No need to panic about the deficit and debt.
Our grandchildren have our backs. Soon as they can talk, they will assure us so.
We will tell future generations the pandemic unfurled a spree when most every pot had to be filled with a chicken. Had to do it.
What they will wonder – and what we wonder today – is how we uncoupled ourselves from government temptation to keep the firehose thundering. Answers are not forthcoming.
As we approach the fifth month of unfettered national largesse, abetted by provincial generosity and municipal beneficence, we can safely conclude our elected officials love pleasing us with our heirs’ money.
Now the question is how this triage turns into stimulation of the economy.
The “snapshot” of the economy provided in recent days by Finance Minister Bill Morneau skips past that. It sets out a best-case scenario of a $343 billion deficit, heavily borrowed upon, and a $1 trillion debt, heavily wagered upon. But it gives no glimpse of the remedies ahead.
There are three sectors of the economy intersecting with government (let’s be honest, taxpayer) assistance: those who need help, those who do not need help, and those it will not help. To date programs have likely kept terrible businesses alive and failed to keep excellent businesses afloat; such is the plight of hundreds of billions of dollars let off the leash, bound to roam, sniff and soil whatever is in sight.
We have seen a lot of TikTok in the pandemic, but there is a tick-tock we need to attend. It’s coming from the clock on the CEWS, the Canadian Emergency Wage Subsidy program that subsidizes three-quarters of a wage up to $847 weekly. It’s due to expire at the end of August and it is not too soon to recognize it will be needed far longer.

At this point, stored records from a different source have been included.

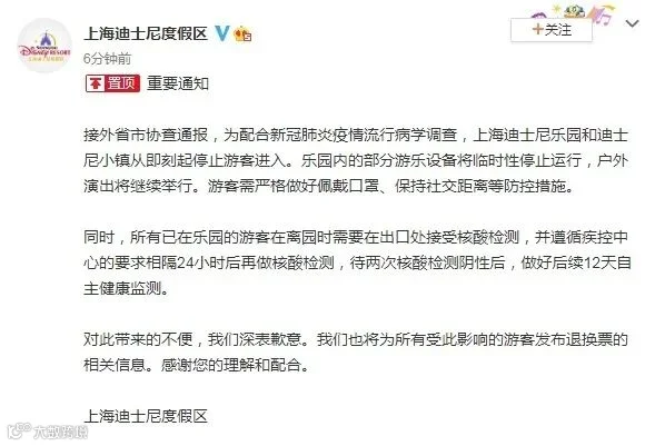 接外省市协查通报,为配合新冠肺炎疫情流行病学调查,上海迪士尼乐园和迪士尼小镇从即刻起停止游客进入。乐园内的部分游乐设备将临时性停止运行,户外演出将继续举行。游客需严格做好佩戴口罩、保持社交距离等防控措施。
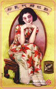 第四枚地铁纪念卡的画面,是勒吐精代乳粉的广告,画中美女双手托腮,轻启樱唇,齿如编贝,作“巧笑倩兮,美目盼兮”状,旗袍、高跟鞋、波浪卷发,画中美女娴静素雅,明艳而不妖冶。
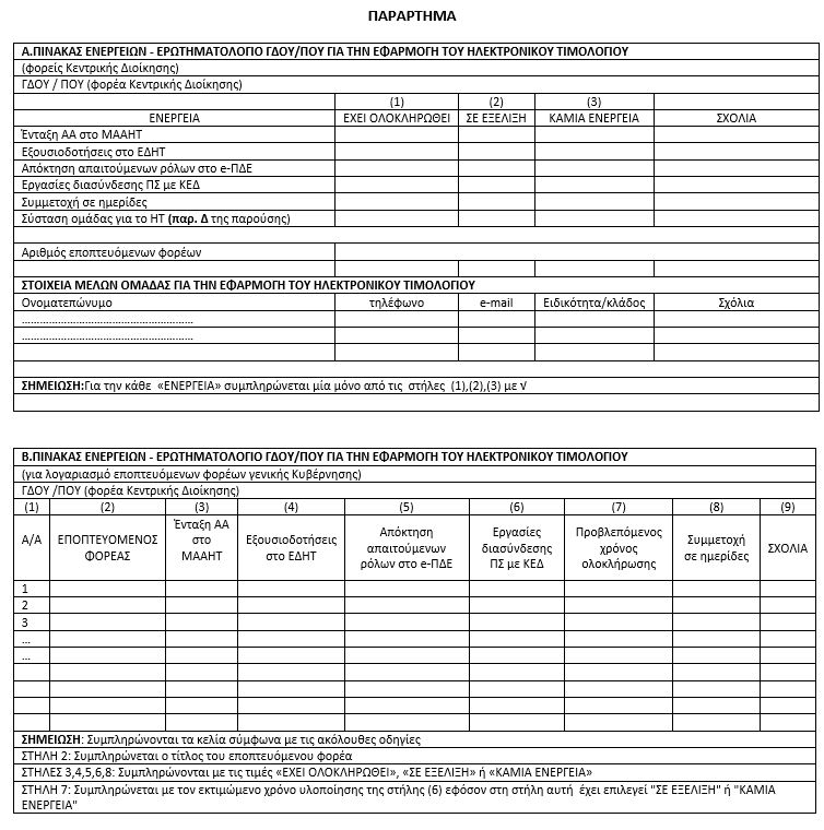 | ΕΛΛΗΝΙΚΗ ΔΗΜΟΚΡΑΤΙΑ | Αθήνα, 30 Μαρτίου 2022 | | ΥΠΟΥΡΓΕΙΟ ΟΙΚΟΝΟΜΙΚΩΝ | Α.Π.: οικ.42465 ΕΞ 2022 | | ΓΕΝΙΚΗ ΓΡΑΜΜΑΤΕΙΑ ΔΗΜΟΣΙΟΝΟΜΙΚΗΣ ΠΟΛΙΤΙΚΗΣ | | | ΓΕΝΙΚΟ ΛΟΓΙΣΤΗΡΙΟ ΤΟΥ ΚΡΑΤΟΥΣ | | | ΓΕΝΙΚΗ ΔΙΕΥΘΥΝΣΗ ΘΗΣΑΥΡΟΦΥΛΑΚΙΟΥ ΚΑΙ ΔΗΜΟΣΙΟΝΟΜΙΚΩΝ ΚΑΝΟΝΩΝ | | | Δ/ΝΣΗ: ΚΑΤΑΡΤΙΣΗΣ & ΣΥΝΤ/ΣΜΟΥ ΕΦΑΡΜΟΓΗΣ ΔΗΜΟΣΙΟΝΟΜΙΚΩΝ ΚΑΝΟΝΩΝ | | ΘΕΜΑ: Παροχή οδηγιών για τη διαχείριση ηλεκτρονικών τιμολογίων (ΗΤ) στο πλαίσιο εκτέλεσης δημοσίων συμβάσεων. Η παρούσα εγκύκλιος αποστέλλεται δεδομένης της υφιστάμενης υποχρέωσης των φορέων του Δημοσίου Τομέα για την αποδοχή ηλεκτρονικών τιμολογίων (HT) στο πλαίσιο εκτέλεσης δημοσίων συμβάσεων ώστε να παρασχεθούν οδηγίες για την εφαρμογή των διατάξεων των άρθρων 148 έως 154 του Ν.4601/2019 (Α.44), καθώς και των κατ΄ εξουσιοδότηση εκδοθεισών, κοινών υπουργικών αποφάσεων αριθ. 63446/31-5-2021 (Β.2338) & αριθ. οικ. 98979 ΕΞ2021/10-8-2021 (Β.3766), όπως ισχύουν. Δεδομένου ότι η καθιέρωση της ηλεκτρονικής τιμολόγησης στις δημόσιες συμβάσεις εντάσσεται στο πλαίσιο προώθησης της ψηφιακής μεταρρύθμισης και αυτοματοποίησης των διαδικασιών στη Δημόσια Διοίκηση, είναι κρίσιμο να εξασφαλιστεί η ετοιμότητα των φορέων του Δημοσίου Τομέα προκειμένου άμεσα αυτοί να είναι σε θέση να διαχειριστούν ηλεκτρονικά τιμολόγια. Για το λόγο αυτό θα πρέπει να δοθεί ιδιαίτερη προσοχή στη παράγραφο Δ της παρούσης, στην οποία περιγράφονται οι ΑΠΑΙΤΟΥΜΕΝΕΣ ΕΝΕΡΓΕΙΕΣ ΦΟΡΕΩΝ . Για την υποβοήθηση στην προετοιμασία των φορέων έχει συμπεριληφθεί ως παράρτημα της παρούσης πίνακας με την καταγραφή των απαιτούμενων ενεργειών ο οποίος θα πρέπει άμεσα να συμπληρωθεί αρμοδίως και να αποσταλεί ηλεκτρονικά στην Γενική Γραμματεία Πληροφοριακών Συστημάτων Δημόσιας Διοίκησης (ΓΓΠΣΔΔ) σύμφωνα με το μέρος Δ της παρούσης. Α. ΝΟΜΟΘΕΤΙΚΟ ΠΛΑΙΣΙΟ Με τις διατάξεις του ν.4601/2019, εισάγεται η υποχρέωση Φορέων που εκτελούν δημόσιες συμβάσεις οι οποίες υπάγονται στους ν. 3978/2011 (Α.137), 4412/2016 (Α.147) και 4413/2016 (Α.148) και η αξία των οποίων είναι ίση ή ανώτερη από τα κατώτατα κοινοτικά όρια, όπως αυτά ορίζονται σε κάθε περίπτωση, να παραλαμβάνουν και να διαχειρίζονται ηλεκτρονικά τιμολόγια που είναι σύμφωνα με τον ευρωπαϊκό ή/και εθνικό πρότυπο έκδοσης ηλεκτρονικών τιμολογίων. Εξαιρούνται οι συμβάσεις του ν. 3978/2011 η σύναψη και η εκτέλεση των οποίων έχουν χαρακτηριστεί απόρρητες ή πρέπει να συνοδεύονται από ειδικά μέτρα ασφαλείας. Το παραπάνω πλαίσιο θεσπίζει την υποχρεωτικότητα, από πλευράς των δημοσίων φορέων να παραλαμβάνουν ΗΤ και δεν θίγει το δικαίωμα του προμηθευτή να επιλέξει μεταξύ ηλεκτρονικής ή έγχαρτης τιμολόγησης. Σε κάθε περίπτωση οι Δημόσιοι Φορείς, ανεξαρτήτως της νομικής υποχρέωσης τους και δεδομένης της τεχνικής δυνατότητας που τους παρέχεται ήδη από την Γενική Γραμματεία Πληροφοριακών Συστημάτων Δημόσιας Διοίκησης (ΓΓΠΣΔΔ), οφείλουν να παραλαμβάνουν ΗΤ ανεξαρτήτως ύψους συμβάσεων εφόσον οι οικονομικοί φορείς υποχρεούνται, από φορολογικές ή άλλες διατάξεις, να εφαρμόσουν την ηλεκτρονική τιμολόγηση. Στο σημείο αυτό, σας γνωρίζουμε ότι σχετικά προωθείται από το Υπουργείο μας διάταξη για περαιτέρω επέκταση της υποχρεωτικότητας στη χρήση του ΗΤ. Κατ΄ εξουσιοδότηση του ανωτέρω νόμου έχουν εκδοθεί: α) η αριθ. οικ. 98979 ΕΞ2021/10-8-2021 κυα, όπως τροποποιήθηκε με την αριθμ. 13005 ΕΞ2022/1-2-2022 όμοια (Β.438), με την οποία καθορίζεται ο τρόπος διακίνησης των ΗΤ, οι διαδικασίες παραλαβής, επεξεργασίας και πληρωμής τους καθώς και 
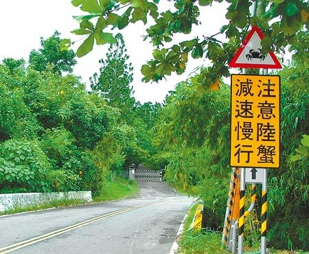 橫行我最大墾管處在香蕉灣、港口設置「注意陸蟹、減速慢行」交通標誌提醒駕駛。(郭韋綺攝)
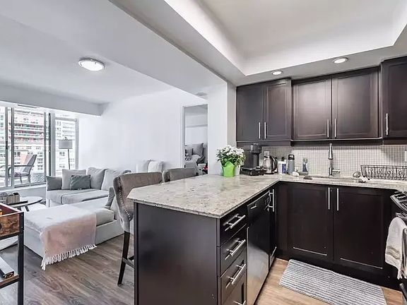 Welcome to The King West Condominium in Toronto's vibrant Liberty Village! This sought-after 2-bedroom suite offers a bright and spacious living experience with a very functional split layout. Enjoy 9' ceilings, premium laminate flooring, and a gas fireplace. Step onto the balcony for clear city views. The chef's kitchen features quartz counters, a backsplash, and a pantry. Explore nearby shops, cafes, restaurants, and the Lake Ontario waterfront. Amenities include an indoor pool, gym, bowling, virtual golf, theatre, party room, guest suites, and 24-hour concierge. Embrace urban living in this dynamic neighborhood!Extras: S/S Fridge, S/S Stove/Over The Range Microwave, S/S Dishwasher, Washer & Dryer. Window Coverings. Unit Has Recently Been Professionally Painted, New Flooring Throughout, New Washer & Dryer.Inclusions: 1 Parking Spot and 1 Locker Included.Available Oct. 1

Businesses were slow to download the program, but Canada should be very slow to offload it. There are few signs of a recovered economy in the meagre reopening, the hot mess with our major trading partner to the south, and the unintended consequence of the CERB, the Canadian Emergency Response Benefit, in planting doubt on the value of returning to work. The tragic irony is that the doubts linger mainly with young people, the most economically damaged by the pandemic with the harder road back to employment.
These dual quandaries – extending a business subsidy, presumably with conditions, and mitigating an individual benefit, also presumably with conditions – are the beguiling subplots for a federal government that has in recent days spun the staggering spending numbers by saying this is not the time to focus on them. It is, in the finance minister’s view, time to talk about saving jobs.
Well, fair enough, so in the interests of the workforce, extend CEWS to bolster demand and rein in CERB to bolster supply.
But let’s also start the path to granular support. Certain sectors will recover more steadily and reliably, certain ones will take longer. Get some specific programs in place to demonstrate that there is a stability and predictability upon which to count. Tailor support, broker some tax incentives, encourage manageable risk in the system – in other words, rekindle a startup culture widely to reflect the reinvention that many sectors are undergoing.
Few expect a return to February, so six months later, let’s stop pretending we can.
And let’s be sanguine while we are also in a relative advantage as a country on the coronavirus: we have no reason to doubt we won’t be smacked down by subsequent waves inflicted or self-inflicted. While we’re in the business of usurping the financial flexibility of subsequent generations, let’s get a guarantee that the insurance is there for the pre-vaccine period.
The period we are in of not just coping, but living with COVID-19 is also an opportunity to be planning with COVID-19. It isn’t going away, nor should the support necessary to keep our noses above water with the many waves.
To the mandarinate of Ottawa and Victoria, you’ve done reasonably well to prevent the disaster from becoming a catastrophe. Now it is time for your economic engineering to inspire another step – to prevent stasis from setting in, to incentivize innovation, to appeal to the country to rebuild.
But, much as it might seem a weakness of will, when there is any uncertainty about the availability of the net, you can hardly expect employers to walk the tightrope.
Kirk LaPointe is publisher and editor-in-chief of Business in Vancouver and vice-president, editorial, of Glacier Media.